Later, the 57-year old Mornin tells Bush that she works three jobs, which the president deems 'uniquely American' and 'fantastic.' He asks her if she gets any sleep.


Aside from the obvious here, I want to know why there isn't more being written about the fact that all of Bush's public appearances are now carefully scripted and ticketed. Only supporters can get tickets. 42 people in Fargo, ND, were blacklisted and refused tickets to Bush's appearance there last week. Coincidentally, they were all members of Democracy for America, the spin-off organisation from Howard Dean's presidential bid.

I (heart) American democracy.

2005-02-04

Huzzah

Tens of thousands of gay and lesbian couples who live in New York City are one step closer to walking down the aisle—with a marriage license in their hands.

Today, a New York trial judge handed down an unprecedented ruling that says the state must grant gay and lesbian couples the right to marriage. The court's decision, stemming from a case filed by Lambda Legal, a national LGBT civil rights organization, on behalf of five plaintiff couples, says that the state's constitution guarantees gay men and lesbians the same basic freedoms available to straight couples.


There will be an appeal, of course, but if the higher court stays the decision, then same-sex marriage will be legal in the Empire State.

Slowly but surely...

What will we tell the children?

And Laura, for that matter?

I think we need to start a letter-writing campaign against this kind of sordid behaviour in public.

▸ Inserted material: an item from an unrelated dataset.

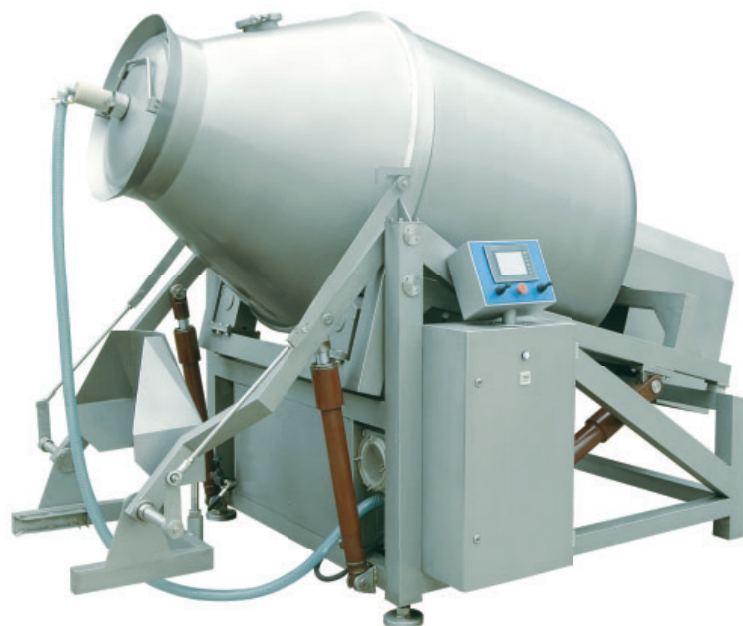
IVT-1700 shown with loading device

I mean, innocent children could see this and be scarred for life!

2005-02-02

Gmail.

I seem to have FIFTY Gmail invitations now. So, um, if you or anyone you love/hate want a gmail account, by all means let me know.

2005-02-01

Oh, look, it's working...

Over a third of American high school students believe that the First Amendment goes 'too far' in protecting freedom of speech, press, worship and assembly. Only half believed that newspapers should be allowed to publish stories that were not approved by the government. 83% of students believed that people should not be allowed to express unpopular views. Half believed that the government had the right to censor the internet. Two-thirds believed that it was illegal to burn the flag.

I'm going to go find a corner to cry in now.